Full step-by-step instructions covering all tools, configuration, and the first test run are published interactively at pjastam.github.io/ResearchVault. A single-file download is also available: installation-guide-v1.12.md.

To configure Claude Code's permission settings for this vault, run the setup script from your vault directory:

./setup.sh

The script auto-detects your home path and asks for your Zotero library ID (found via zotero-mcp setup-info).


Privacy

  • Your Zotero library and Obsidian vault stay entirely on your own machine
  • The Zotero local API is only accessible via localhost
  • Transcription (whisper.cpp) and local model inference (Ollama) run fully offline
  • In standard mode, only orchestration instructions reach the Anthropic API; source content stays local
  • With --hd, the prompt and source content are sent to the Anthropic API (Claude Sonnet 4.6)
  • For a fully local orchestration alternative, see Step 15: Future perspective — local orchestrator

Frequently asked questions

  1. Does content go to the cloud?

In the default mode: no. Claude Code orchestrates the workflow, but all content-heavy work is delegated to process_item.py — a local subagent that receives only a Zotero item key and metadata (title, authors, year, tags). The subagent fetches the full text locally, generates the literature note via Qwen3.5:9b (Ollama), and writes the .md file to literature/. Claude Code receives only a JSON status object: {"status": "ok", "path": "literature/..."}. No source content ever reaches Anthropic's servers. Only when you explicitly add --hd does source content go to the Anthropic API — and Claude Code asks for confirmation first.
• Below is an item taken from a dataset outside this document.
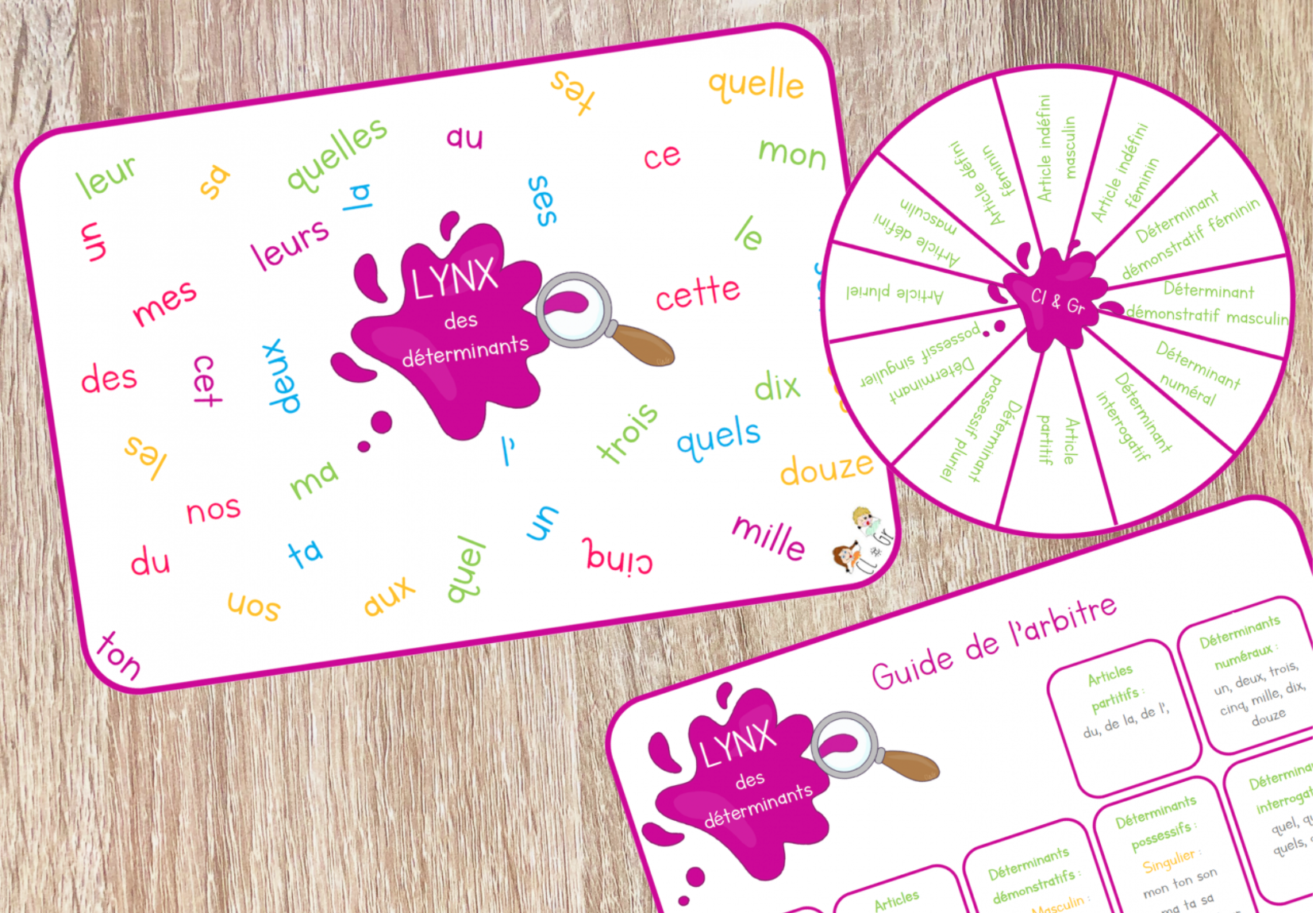 Classe et grimace propose un atelier de grammaire sur les déterminants. Cet atelier s'inspire du jeu "Le Lynx". Le principe ? Faire tourner la roue des déterminants. Être le plus rapide à trouver sur la planche le déterminant demandé.

  1. Do you need a paid Claude subscription?

Partially yes — Claude Code needs an Anthropic account (paid subscription or API credits) for its orchestration role. But the AI that actually reads and processes your research is Ollama + Qwen3.5:9b, which is completely free and open source. So the heavy lifting costs nothing.

  1. "No data leaks" — is that accurate?

Yes, substantially. In default mode no vault content, paper, transcript, or note leaves your local machine. The privacy claim holds up in this sense.


License

MIT — feel free to adapt this workflow for your own research setup.